The Java Memory Model

volatile is a weaker form of synchronized keyword which ensures the visibility only.

CPU have different levels of cache, and each core has its own cache, which stores the minimal set of main memory (RAM) for performance. Each thread mutates the variable and the result of the mutation may not be visible to other threads. There is no guarantee that operations in one thread will be performed in the order given by the program, as long as the reordering is not detectable from within that thread – even if the reordering is apparent to other threads. In the absence of synchronization, the Jave Memory Model permits the compiler to reorder operations and cache values in registers, and permits CPUs to reorder operations and cache values in processor-specific caches. volatile keyword ensures the visibility of the mutation.

The Java Memory Model is defined in happens before rules, e.g. there is a happens before rule between a volatile write of field x and a volatile read of field x. So when a write is done, a subsequent read will see the value written.

volatile also prevents compiler over-optimising the order of execution of the code, which is achieved by the Java Memory Model.

A volatile filed can not also be declared final.

final is a more limited version of the const mechanism from C++, supports the construction of immutable objects. Final fields can not be modified, and have special sematics under the Java Memory Model. It is the use of final fields that makes possible the guarantee of initialization safety that lets immutable objects be freely accessed and shared without synchronization. Properly constructed final fields can be safely accessed without additional synchronization. However, if final fields refer to mutable objects, synchronization is still required to access the state of the objects they refer to.

static initializer is often the easiest and safest way to publish objects that can be statically constructed. Static initializers are executed by the JVM at class initialization time, because of internal synchronization in the JVM, this mechanism is guaranteed to safely publish any objects initialized in this way.
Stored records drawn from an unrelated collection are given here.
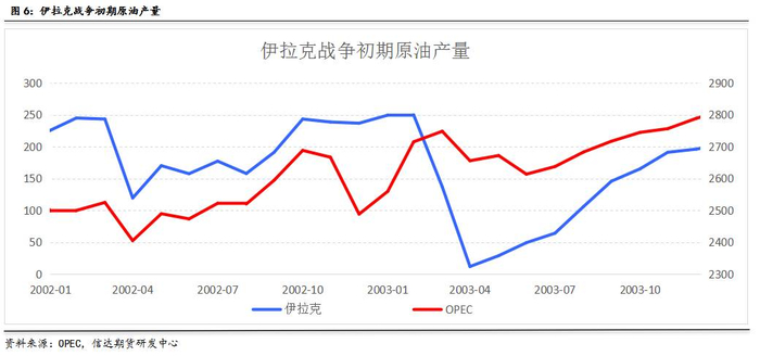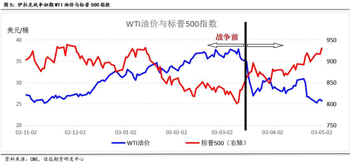 伊拉克是产油大国,2002年平均原油供应200万桶/日,占OPEC总供应量的8.3%,战争爆发将对伊拉克原油的生产活动造成影响。因此,在伊拉克战争爆发之前,市场不停地炒作战争预期,WTI原油期货从2002年11月中旬开始不断上涨,2003年2月27日涨至39.99美金/桶区间高位,涨幅达60%。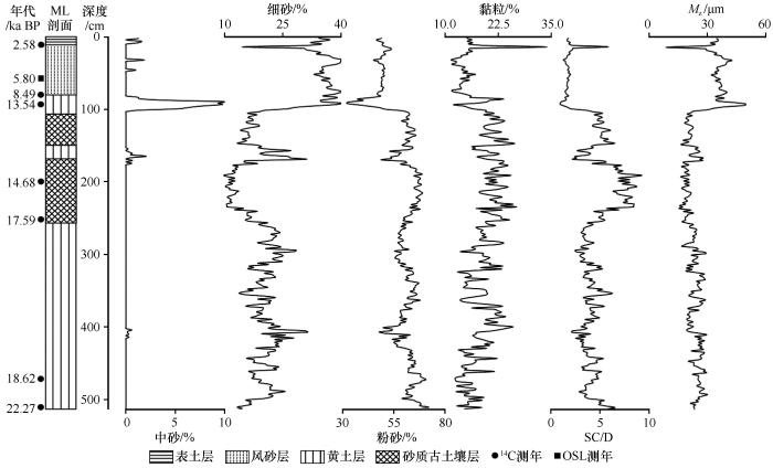 ... SC/D值旨在放大沉积物中粉砂和黏粒之和与砂粒的比例关系,可更好地反映地质历史时期的风沙活动[5].一般而言,SC/D值越小,说明冬季风强盛,气候冷干,风沙活动影响显著;反之,风沙活动较弱或存在成壤过程.ML剖面SC/D值的范围在0.98~9.24,均值为4.28.其随深度变浅整体呈降低趋势,存在显著的两峰.平均粒径(Mz)是搬运介质动能的体现,其值越大,冬季风越强势.Mz为8.98~50.95 µm,均值为29.96 µm,其在ML7~ML3随深度变浅呈降低趋势. ...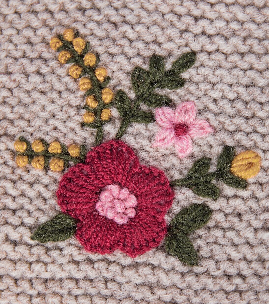 Эта серо-коричневая шапочка Thyone от Caramel связана из легкого трикотажа с добавлением шерсти, что создает уют в прохладные дни. Помпон сверху и цветочная вышивка на застежке делают ее еще более веселой.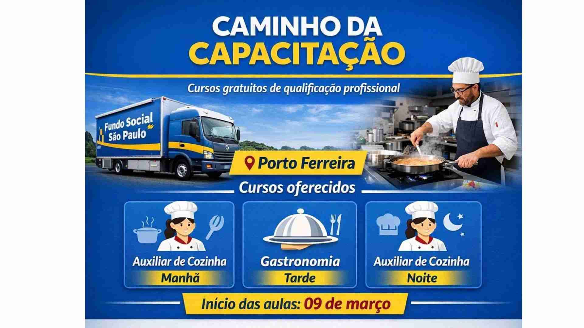 O município de Porto Ferreira (SP) recebe, a partir deste domingo (9), cursos gratuitos de qualificação profissional por meio do programa Caminho da Capacitação, iniciativa do Fundo Social de Solidariedade do Estado de São Paulo voltada à formação profissional e incentivo à geração de renda.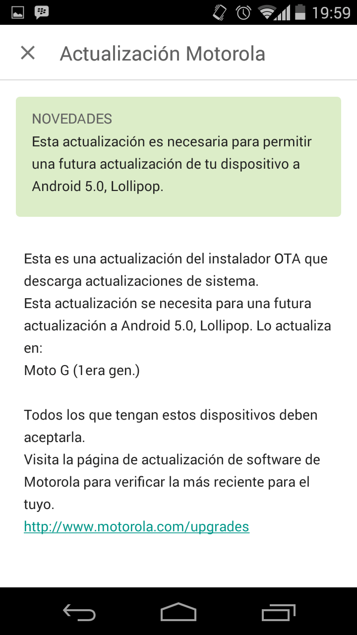Hoy se ha actualizado -valga la redundancia- el servicio de Actualización de Motorola en el Moto G, y el changelog es bastante claro. En este detalla que se está preparando para recibir Android 5.0 Lollipop.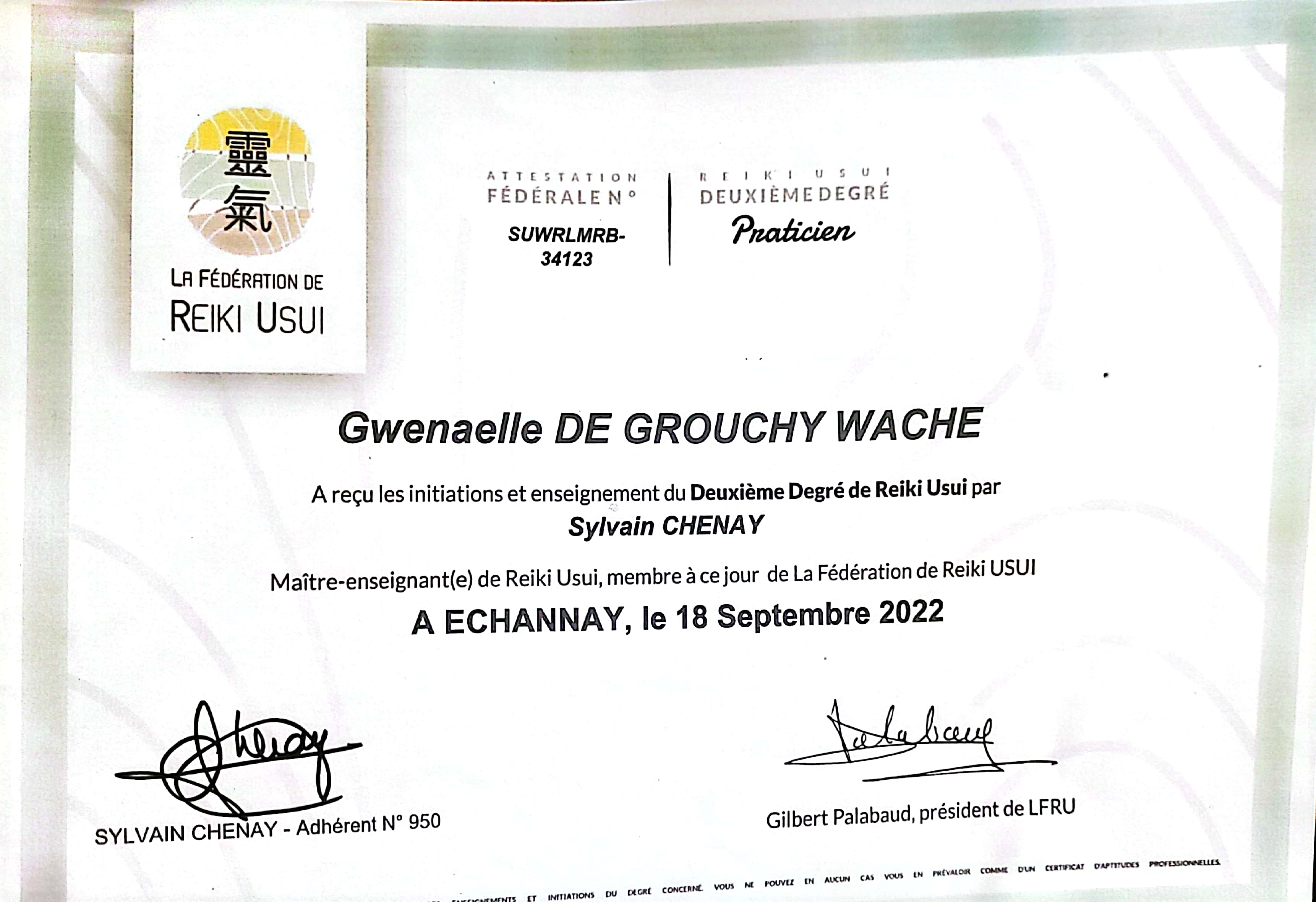 Je travaillais déjà avec les énergies des pierres et mon magnétisme et pour développer mes intuitions et pouvoir soulager certains maux, le Reiki Usui est venu naturellement à moi. J’ai passé le 1er et le 2ème degré à l’école de Sylvain Chenay à Echannay, maître Reiki et je passerai le 3ème degré très prochainement.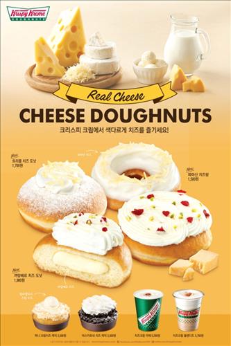 (서울=연합뉴스) 고유선 기자 = 크리스피 크림 도넛은 치즈를 활용한 도넛과 음료수 등 '리얼 치즈' 7종을 5월 31일까지 한정 판매한다고 15일 밝혔다.

The safe publication mechanisms all guarantee that the as-published state of an object is visible to all accessing threads as soon as the reference to it is visible, and if that state is not going to be changed again, this is sufficient to ensure that any access is safe. If an object may be modified after construction, safe publication ensures only the visibility of the as-published state.

what is it

The Java Language Specification requires the JVM to maintain within-thread as-if-serial semantics: as long as the program has the same result as if it were executed in program order in a strictly sequential environment, all these games are permissible. Compilers may generate instructions in a different order than the one suggested by the source code, or store variables in registers instead of in memory; processors may execute instructions in parallel or out of order; caches may vary the order in which writes to variables are committed to main memory; and values stored in processor-local caches may not be visible to other processors.

In a multithreaded environment, the illusion of sequentiality can not be maintained without significant performance cost. The JMM specifies the minimal guarantees the JVM must make about when writes to variables become visible to other threads. It was designed to balance the need for predictability and ease of program development with the realities of implementing high-performance JVMs on a wide range of popular processor architectures.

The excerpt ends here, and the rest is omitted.